- _Task requirements_: It would help if you retyped the data exactly, leaving out the pictures.

- _Data below_:

↓

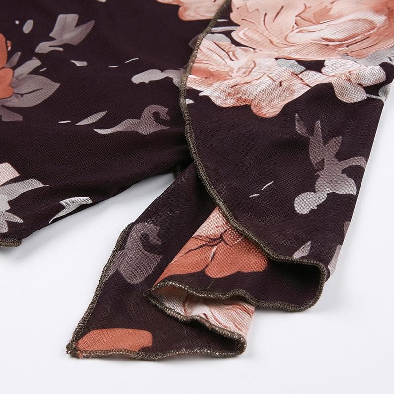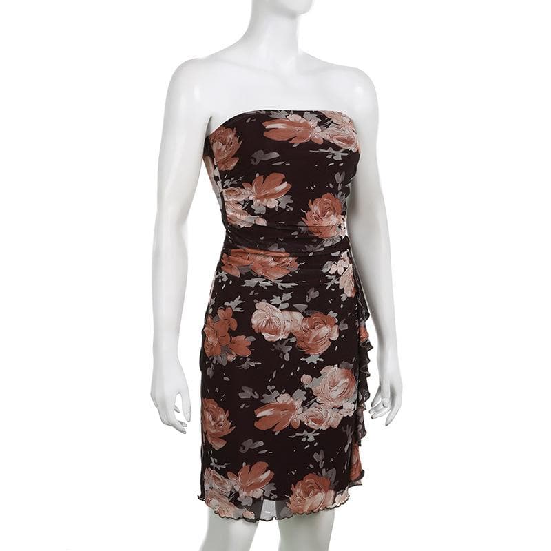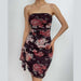 Mesh Flower Print Contrast Ruched Ruffle Backless Tube Mini Dress
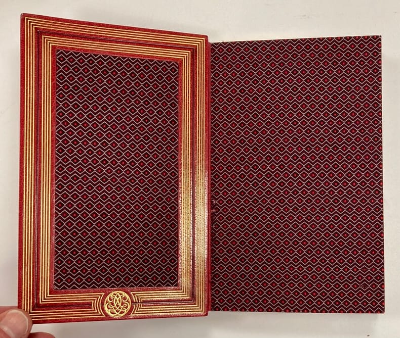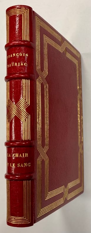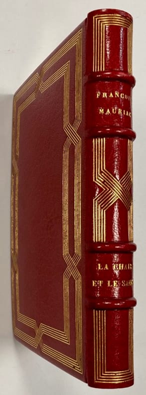 1920 Paris. Emile-Paul frères. 1920. 1 volume in-12 à grandes marges, plein maroquin rouge, double bande de 5 filets dorés entremêlés en encadrement sur les plats et sur le dos à nerfs, tranches dorées, bordure intérieure ornée d’un chiffre doré et d’une double bande de 5 filets dorés et d’1 filet à froid en encadrement, doublure et garde de soie gaufrée bordeaux et blanc semée de pointillés rouges, couvertures et dos conservés, étui, reliure signée G. Mercier, succ. De son père. (3) ff. ; 280 pp.
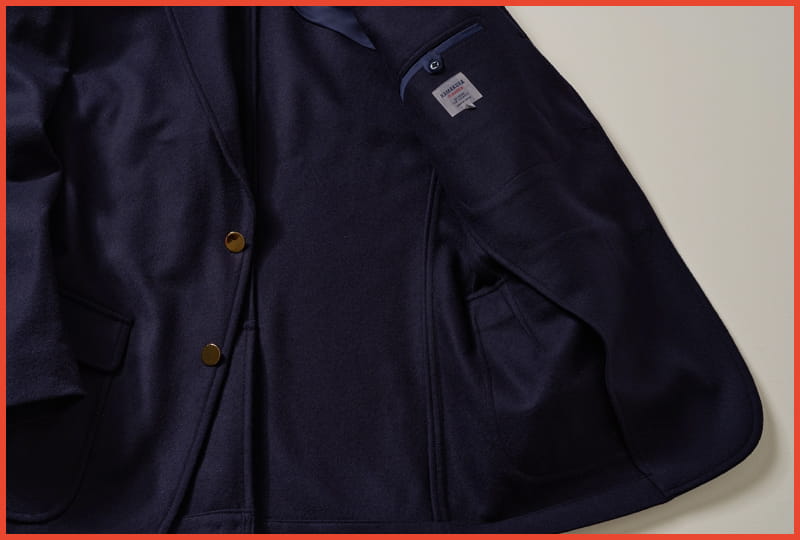 Kamakura Shirts’ version of this jacket is based on the preferred style of university students in the Fifties and sixties. Both can be dressed up with proper slacks and a necktie or dressed down with jeans. All of the details are pure Ivy: natural shoulders, a narrow lapel, a three-roll-two front closure, no front darts, a patch pocket on the chest, patch-and-flap side pockets, and a center hook vent at back.
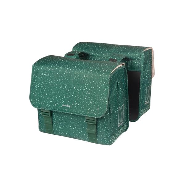Maak kennis met de Basil Flair, de perfecte metgezel voor al je fietsavonturen! Of je nu dagelijks naar je werk fietst of een dagje uit gaat met vrienden, deze dubbele fietstas is ontworpen om aan al jouw behoeften te voldoen. Hij is gemaakt van sterk, waterafstotend gerecycled polyester en verkrijgbaar in een stijlvolle groene kleur. De jaren 70-geïnspireerde print maakt de tas niet alleen vrolijk, maar ook een echte blikvanger. Met een royale inhoud van 35 liter heeft de Basil Flair voldoende ruimte voor al je spullen. De stevige binnenvoering biedt extra bescherming, terwijl het aansnoerkoord ervoor zorgt dat je alles veilig kunt opbergen. Door de reflectie op alle zijden ben je ook beter zichtbaar in het verkeer.

↑

- _Answer space_:
 Mesh Flower Print Contrast Ruched Ruffle Backless Tube Mini Dress
 1920 Paris. Emile-Paul frères. 1920. 1 volume in-12 à grandes marges, plein maroquin rouge, double bande de 5 filets dorés entremêlés en encadrement sur les plats et sur le dos à nerfs, tranches dorées, bordure intérieure ornée d’un chiffre doré et d’une double bande de 5 filets dorés et d’1 filet à froid en encadrement, doublure et garde de soie gaufrée bordeaux et blanc semée de pointillés rouges, couvertures et dos conservés, étui, reliure signée G. Mercier, succ. De son père. (3) ff. ; 280 pp.
 Kamakura Shirts’ version of this jacket is based on the preferred style of university students in the Fifties and sixties. Both can be dressed up with proper slacks and a necktie or dressed down with jeans. All of the details are pure Ivy: natural shoulders, a narrow lapel, a three-roll-two front closure, no front darts, a patch pocket on the chest, patch-and-flap side pockets, and a center hook vent at back.
Maak kennis met de Basil Flair, de perfecte metgezel voor al je fietsavonturen! Of je nu dagelijks naar je werk fietst of een dagje uit gaat met vrienden, deze dubbele fietstas is ontworpen om aan al jouw behoeften te voldoen. Hij is gemaakt van sterk, waterafstotend gerecycled polyester en verkrijgbaar in een stijlvolle groene kleur. De jaren 70-geïnspireerde print maakt de tas niet alleen vrolijk, maar ook een echte blikvanger. Met een royale inhoud van 35 liter heeft de Basil Flair voldoende ruimte voor al je spullen. De stevige binnenvoering biedt extra bescherming, terwijl het aansnoerkoord ervoor zorgt dat je alles veilig kunt opbergen. Door de reflectie op alle zijden ben je ook beter zichtbaar in het verkeer.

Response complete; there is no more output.